▶ **Given information**
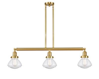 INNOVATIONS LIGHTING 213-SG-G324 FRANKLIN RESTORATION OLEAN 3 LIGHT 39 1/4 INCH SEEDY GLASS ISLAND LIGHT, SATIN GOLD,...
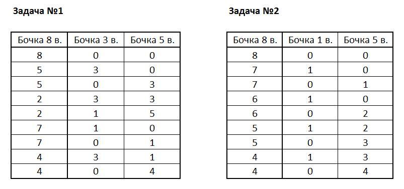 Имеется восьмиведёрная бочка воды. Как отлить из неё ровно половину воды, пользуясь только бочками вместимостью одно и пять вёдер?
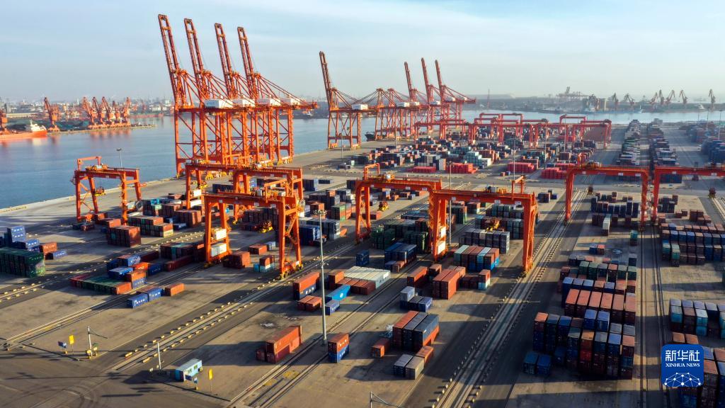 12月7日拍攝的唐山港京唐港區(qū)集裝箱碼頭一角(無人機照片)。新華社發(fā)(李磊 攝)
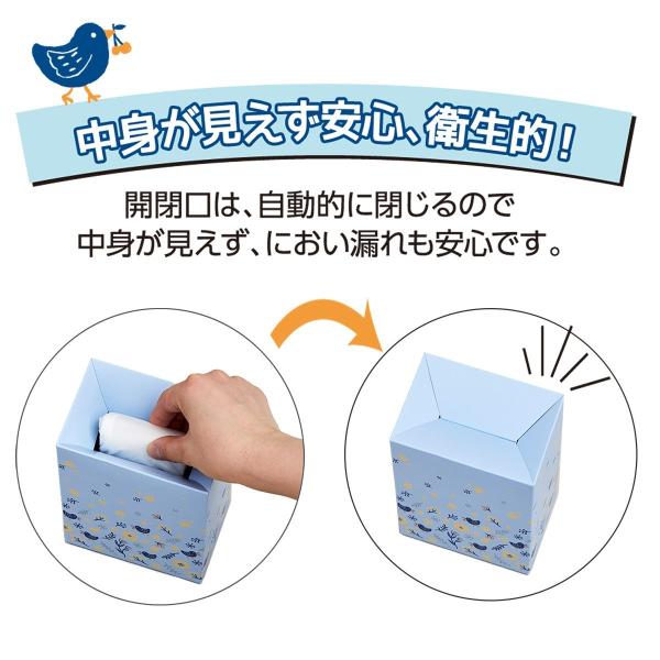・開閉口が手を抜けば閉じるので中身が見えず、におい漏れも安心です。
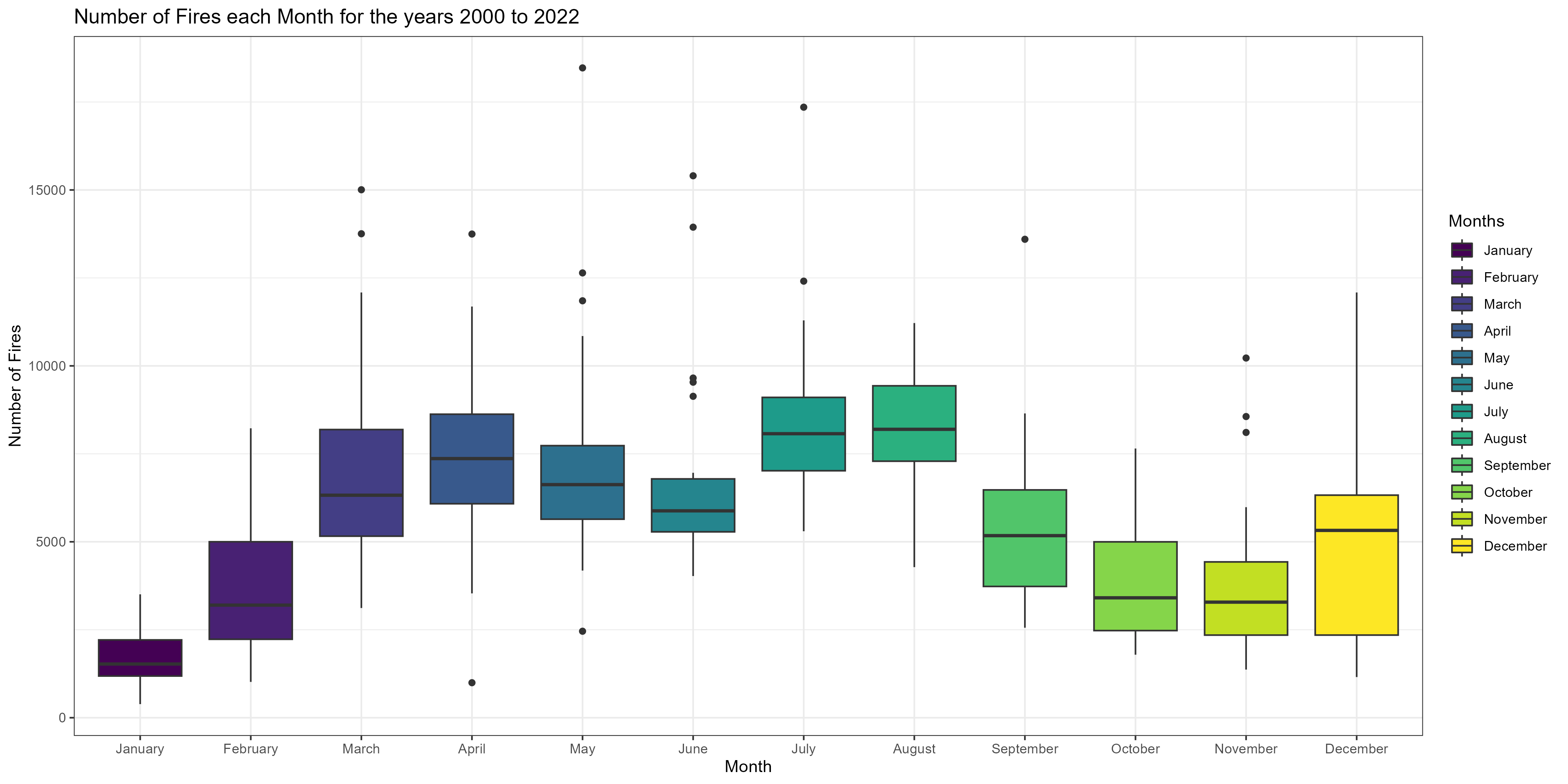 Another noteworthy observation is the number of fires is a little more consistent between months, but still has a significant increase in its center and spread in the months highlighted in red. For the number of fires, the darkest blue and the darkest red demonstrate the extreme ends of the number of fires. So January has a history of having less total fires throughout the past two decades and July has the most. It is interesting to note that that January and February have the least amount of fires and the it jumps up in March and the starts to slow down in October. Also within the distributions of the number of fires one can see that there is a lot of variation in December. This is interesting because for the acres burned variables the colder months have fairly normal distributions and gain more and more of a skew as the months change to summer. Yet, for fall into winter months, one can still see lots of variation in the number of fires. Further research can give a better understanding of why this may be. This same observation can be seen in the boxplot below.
...
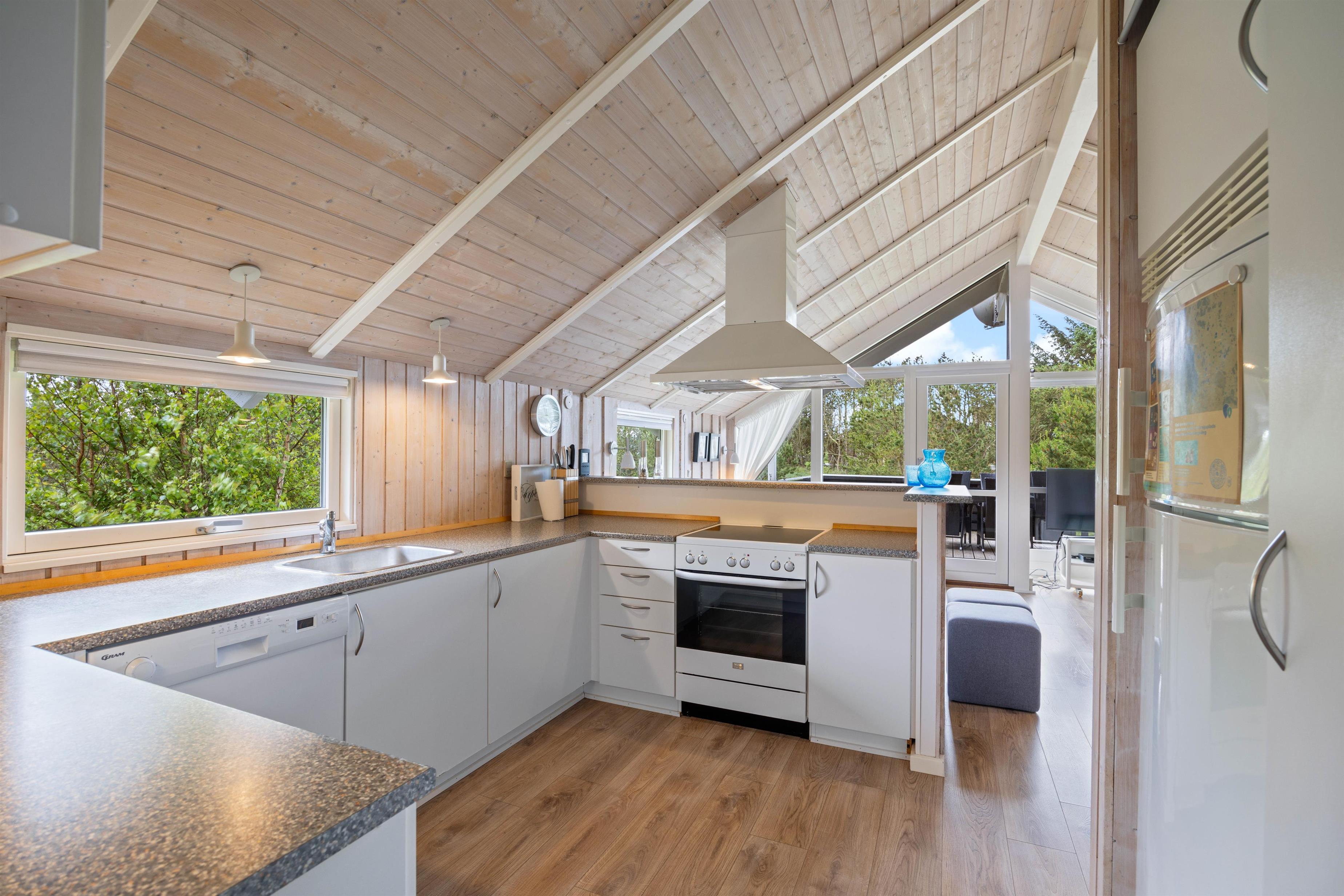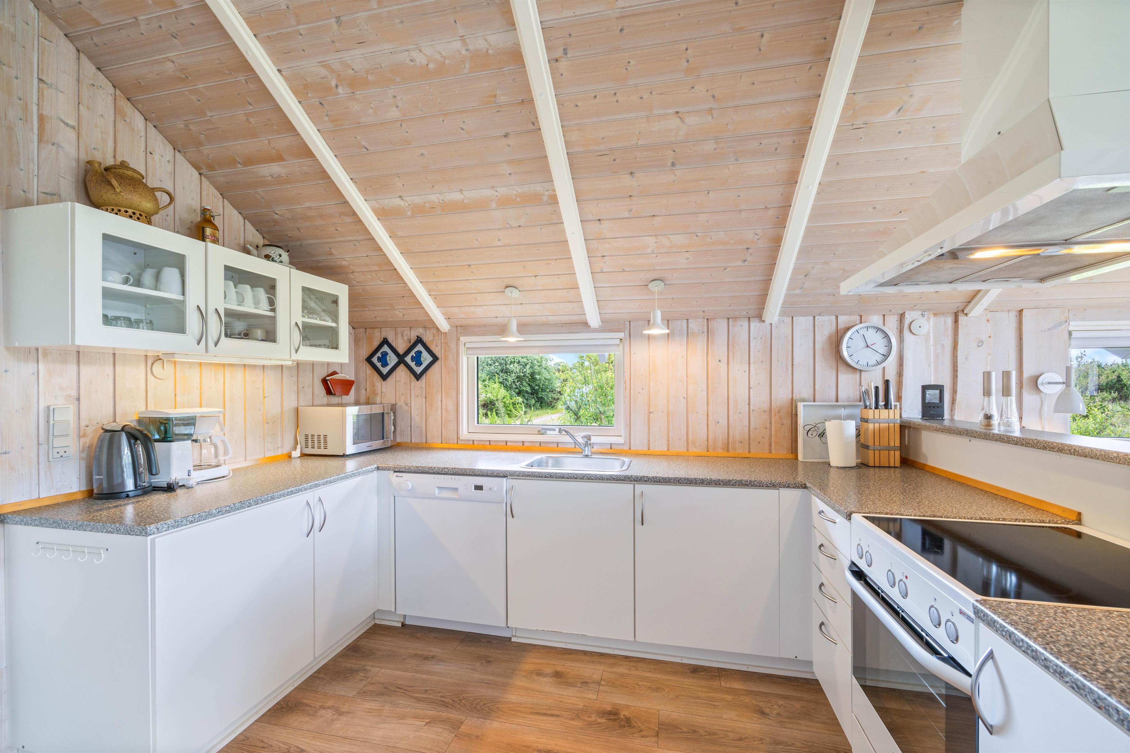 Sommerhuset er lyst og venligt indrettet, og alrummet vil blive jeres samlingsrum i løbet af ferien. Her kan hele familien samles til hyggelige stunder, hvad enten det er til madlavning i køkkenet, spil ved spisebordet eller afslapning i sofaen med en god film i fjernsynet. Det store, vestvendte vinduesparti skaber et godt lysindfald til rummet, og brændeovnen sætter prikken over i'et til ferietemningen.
---
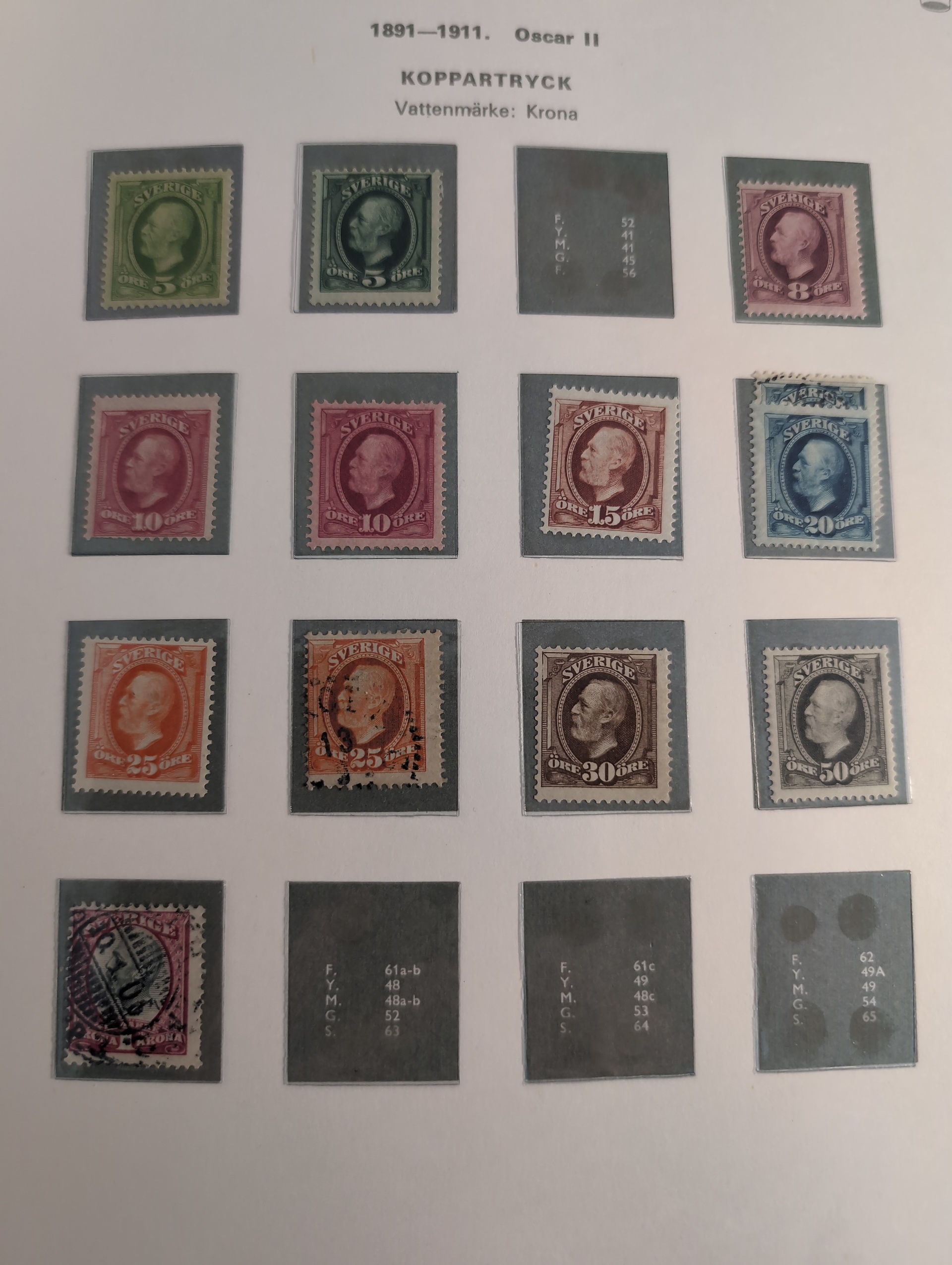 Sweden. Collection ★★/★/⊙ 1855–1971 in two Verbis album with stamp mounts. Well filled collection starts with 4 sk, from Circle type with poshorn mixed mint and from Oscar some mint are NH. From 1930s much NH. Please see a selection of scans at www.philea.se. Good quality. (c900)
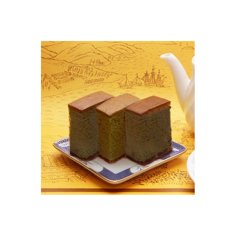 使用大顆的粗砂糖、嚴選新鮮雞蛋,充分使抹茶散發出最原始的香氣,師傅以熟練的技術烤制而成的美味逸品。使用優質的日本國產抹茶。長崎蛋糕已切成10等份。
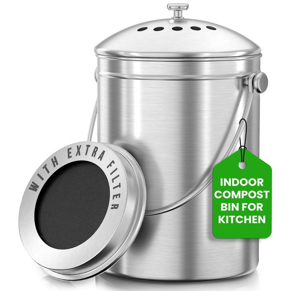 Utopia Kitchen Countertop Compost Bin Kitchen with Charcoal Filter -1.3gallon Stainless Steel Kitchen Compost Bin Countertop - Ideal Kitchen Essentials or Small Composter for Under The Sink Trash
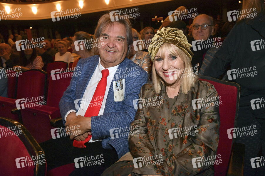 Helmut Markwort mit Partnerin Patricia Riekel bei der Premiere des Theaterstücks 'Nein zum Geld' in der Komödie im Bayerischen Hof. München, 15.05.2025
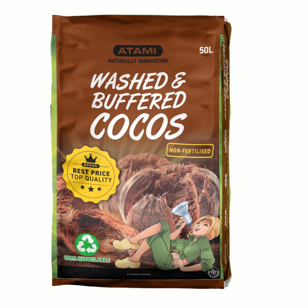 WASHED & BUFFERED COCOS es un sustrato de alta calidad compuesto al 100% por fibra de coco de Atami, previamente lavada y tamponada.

▶ **Work request**
Find the line with "INNOVATIONS LIGHTING 213-SG-G324" and the line with "Имеется восьмиведёрная бочка" in the records above. Copy both and all lines between them exactly, without pictures.

▶ **Solution to this task**
 INNOVATIONS LIGHTING 213-SG-G324 FRANKLIN RESTORATION OLEAN 3 LIGHT 39 1/4 INCH SEEDY GLASS ISLAND LIGHT, SATIN GOLD,...
 Имеется восьмиведёрная бочка воды. Как отлить из неё ровно половину воды, пользуясь только бочками вместимостью одно и пять вёдер?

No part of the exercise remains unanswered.